Despite the fact that women visual artists are prevalent in US art, only one fourth of the art displayed in American galleries and museums is produced by women.
A new exhibit, “LA Woman: Yesterday, Today, Tomorrow” opened at the Forest Lawn Museum earlier this month changes the balance totally. This unique exhibit represents 24 female artists who have made a tremendous appearance on the L.A. art horizon.
The United States is a country where women’s history is especially complex. In many corners of the world there are no differentiation between men and women in art last centuries but not in the U.S. The triumph of the women who are shaping public taste and opinion was not reached so easily in the U.S. A long fight for women’s rights finally gave women access to a special niche in art. In 1970 New York became the home of the Women’s Inter-art Center, and during same year Fresno State University opened its first feminist art class.

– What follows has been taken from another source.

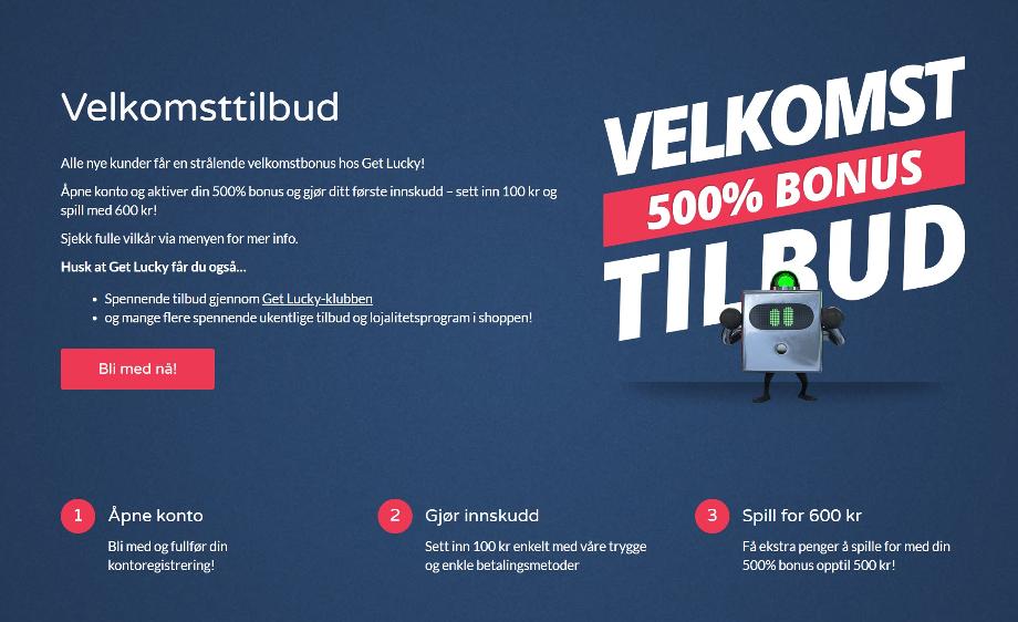 To receive the favorable welcome bonus, you just need to create a user account by following the link on this page. You can then deposit NOK 100 and receive NOK 500 from the casino.

With the feminist movement, women’s art achieved new meaning. Early in her career, Judy Chicago, one of the exhibitors called herself an “art feminist” – trying her hand at “macho arts” normally associated with men such as boat painting, auto-body work and pyrotechnics, declaring that there is no difference between men and women.
“Ah , well , do I wish that we lived in a world where gender didn’t figure so prominently?”, she said once. “Of course. Do I even think about myself as a woman when I go to make art? Of course not.”
At the same time “LA Woman: Yesterday, Today, Tomorrow” shows a very specific world of art – women’s art, with a very strong and intense feminine approach.
Gayle Garner Roski is one of six USC alumni and faculty, represented at the exhibition, showcasing her series dedicated to 9/11. She describes her feeling like “feet not contacting the ground” which is reflected in her pieces, “My Surprising Birthday party,” “My bedroom,” “My Birthday,” and “Shock.”
June Wayne is another Chicago artist who moved to L.A. Her oil painting, “The Dreamers,” plays a tricky visual game with viewers..
“This is the painting when I discovered my glasses were a wrong prescription, she said. “I had to back off of it to find out if it was working but the painting looked fuzzy. An eye doctor prescribed new glasses…saved the painting.”
Alice Estes Davis treats visitors with very cozy and tiny pieces:
“Christ and Angels Rejoice,” ”Medieval Musicians”, and “A Peaceful Christmas to All.”
Her pieces are presented in a technique of Linoleum Block and Wood Block.
Betty Saar, known for her assemblages, is represented by very surprising collages, ”Unseen boundaries” and two other works she calls Autographs.
Marisa Mandler, the youngest artist of the show, touches viewers with a sublime sense of fragility of subject and elusiveness of time. Her works are surprising in technique; Bleach compounds on paper, gold thread, gold pins and dimensions variable give a real feeling of infinity to her art.
While visiting the show Andrew Hwang, 52, a pastor walking between colorful piles of clothes, bright paintings, collages said, “Interesting, but strange images”.
The exhibition may appear a bit weird, even disturbing, but it is surprisingly unusual and deserves to be seen. The show runs Tuesday – Sunday from 10:00 a.m. to 5:00 p.m. until Jan. 5, 2014. Admission and parking are free.